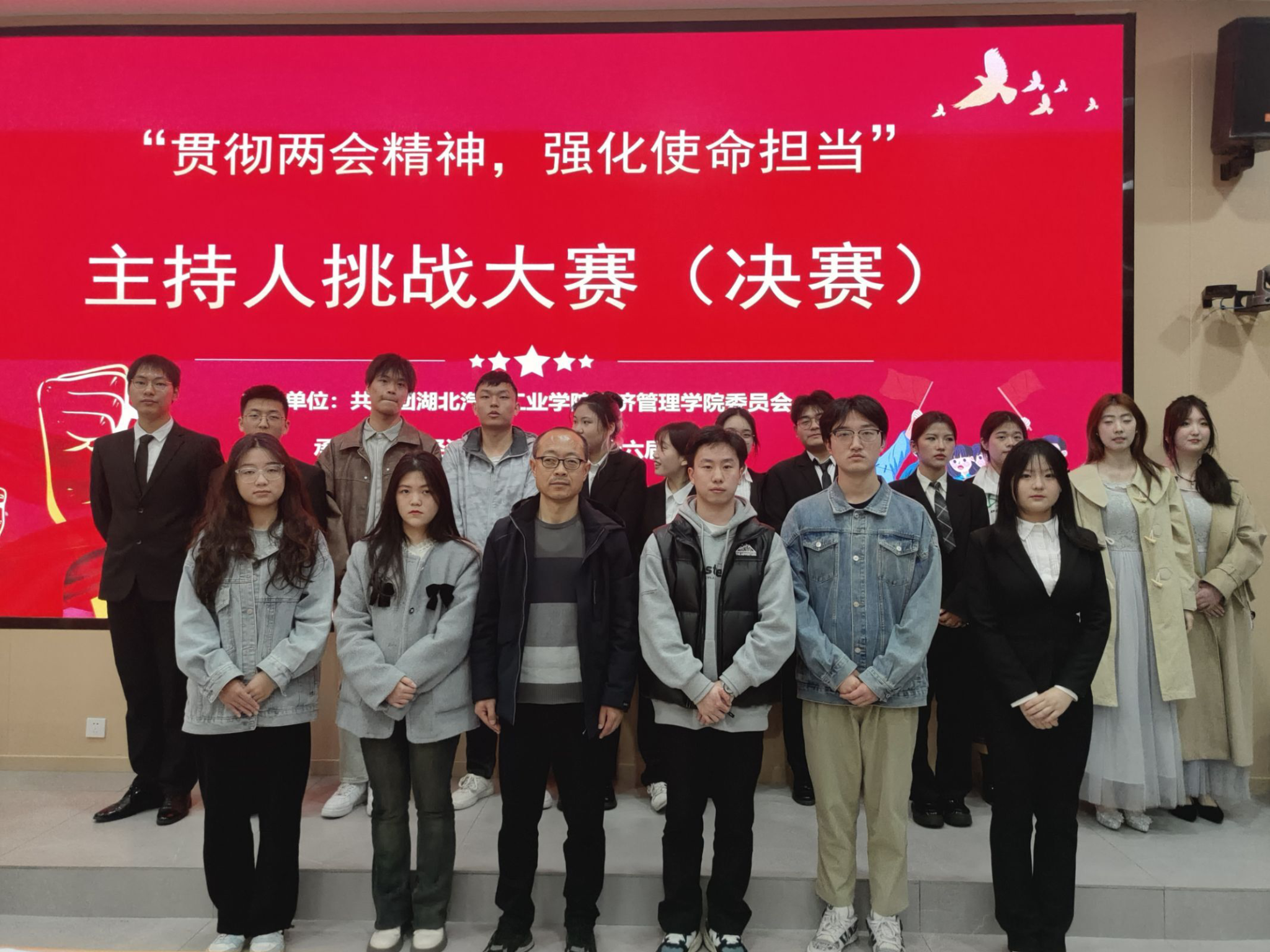 为促进校园文化发展,激励青年人砥砺前行,经济管理学院于2024年3月24日上午10:30在8106教室举办了“贯彻两会精神,强化使命担当”为主题的校园主持人挑战大赛。经济管理学院分团委书记吴文斌和150余名管院学子参与本次比赛。
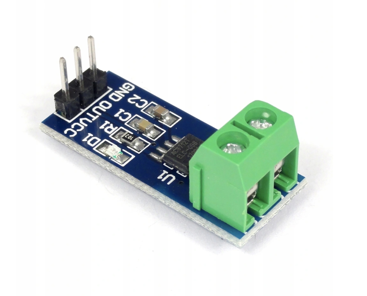 Датчик струму з використанням ефекту Холла для вимірювання. Сила струму вимірюється до 20 А, а його чутливість становить 100 мВ/А
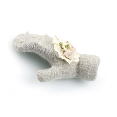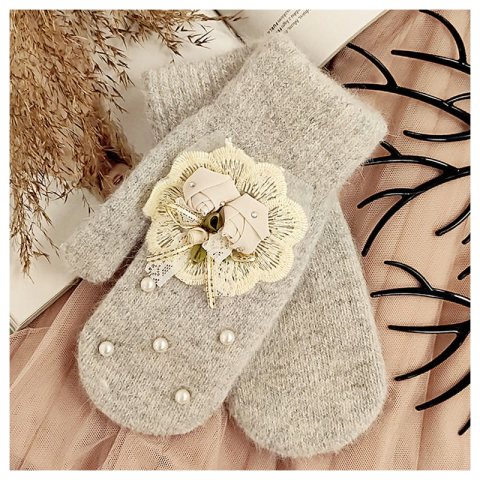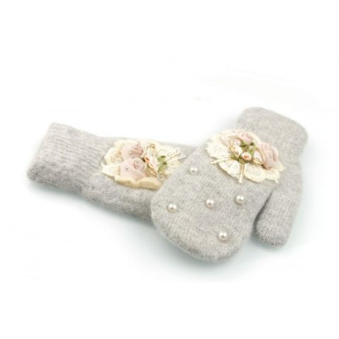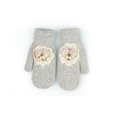 RĘKAWICZKI jednopalczaste CUTE KWIATY I PEREŁKI SZARE REK131
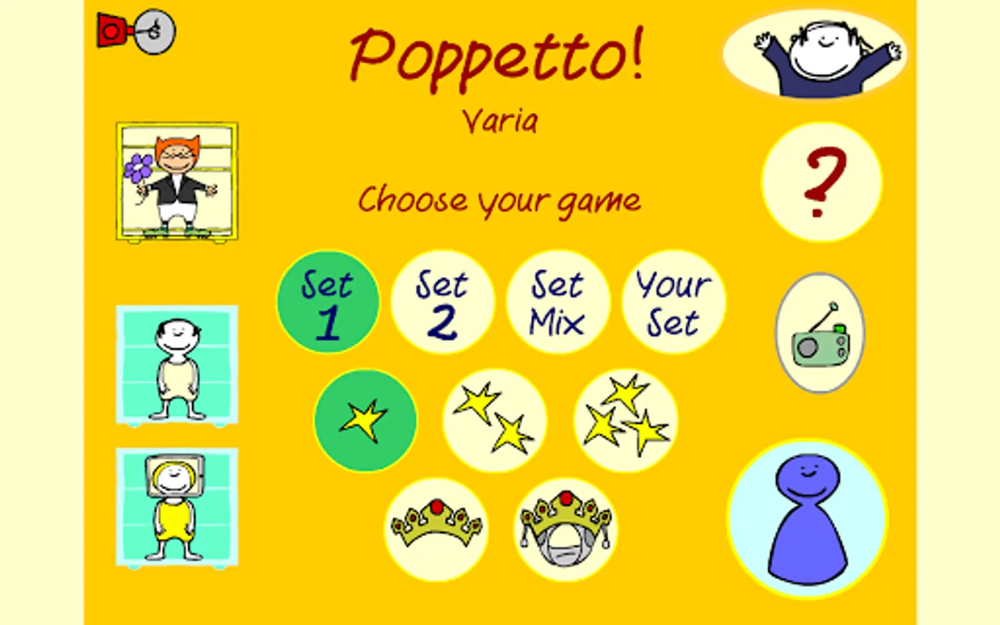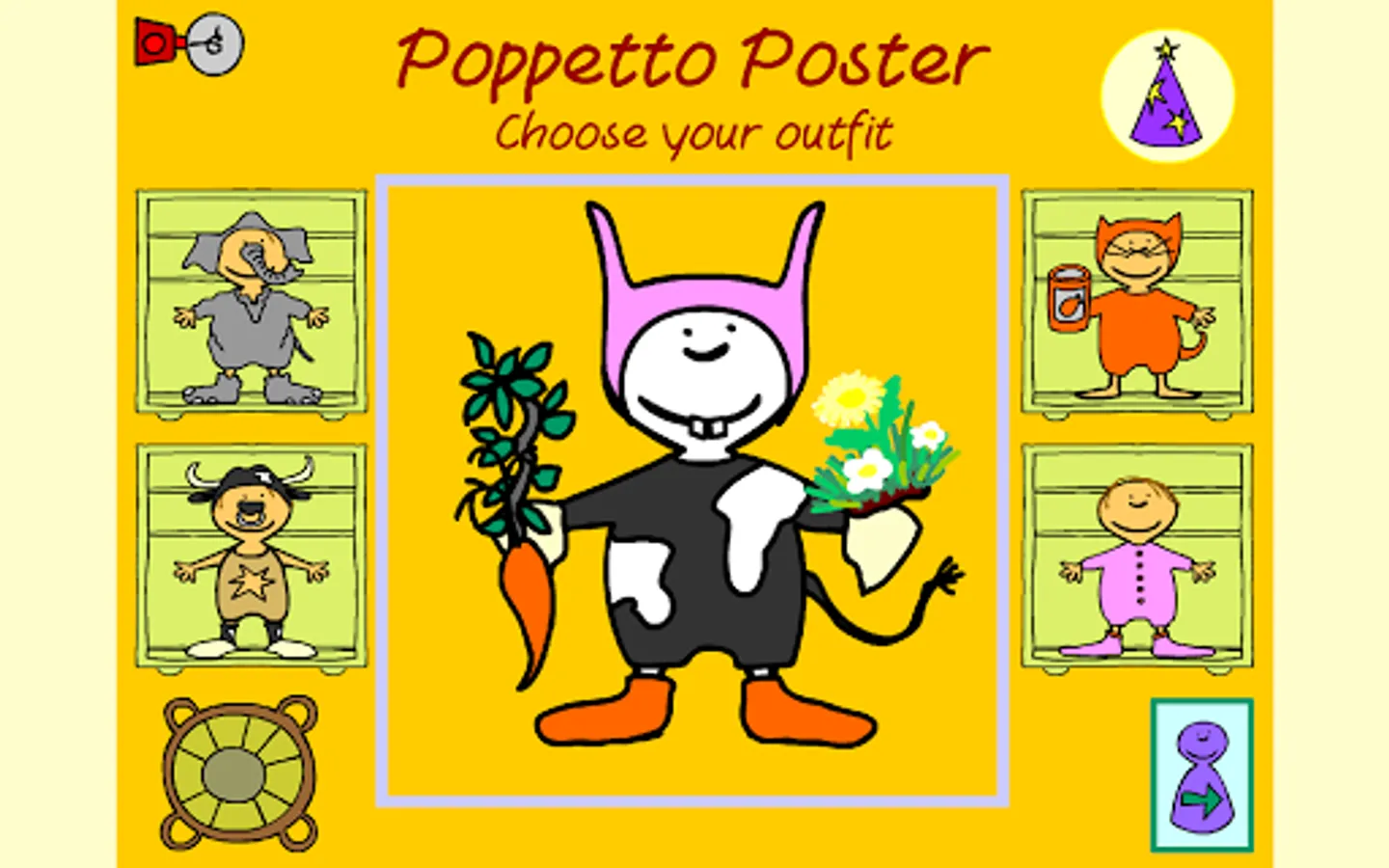 Your Poppetto is not dressed up well. You can fix this by choosing the right item from your opponents closets. Who is first to dress up correct? Create your own Poppetto play set or choose from 8 in game themes. Dress your Poppetto for a poster or colouring page.

* _Task goal_
Begin at the line with "RĘKAWICZKI jednopalczaste CUTE" and end at the last line of the data above. Reproduce those lines exactly, but not the pictures.

* _Solution for this exercise_
 RĘKAWICZKI jednopalczaste CUTE KWIATY I PEREŁKI SZARE REK131
 Your Poppetto is not dressed up well. You can fix this by choosing the right item from your opponents closets. Who is first to dress up correct? Create your own Poppetto play set or choose from 8 in game themes. Dress your Poppetto for a poster or colouring page.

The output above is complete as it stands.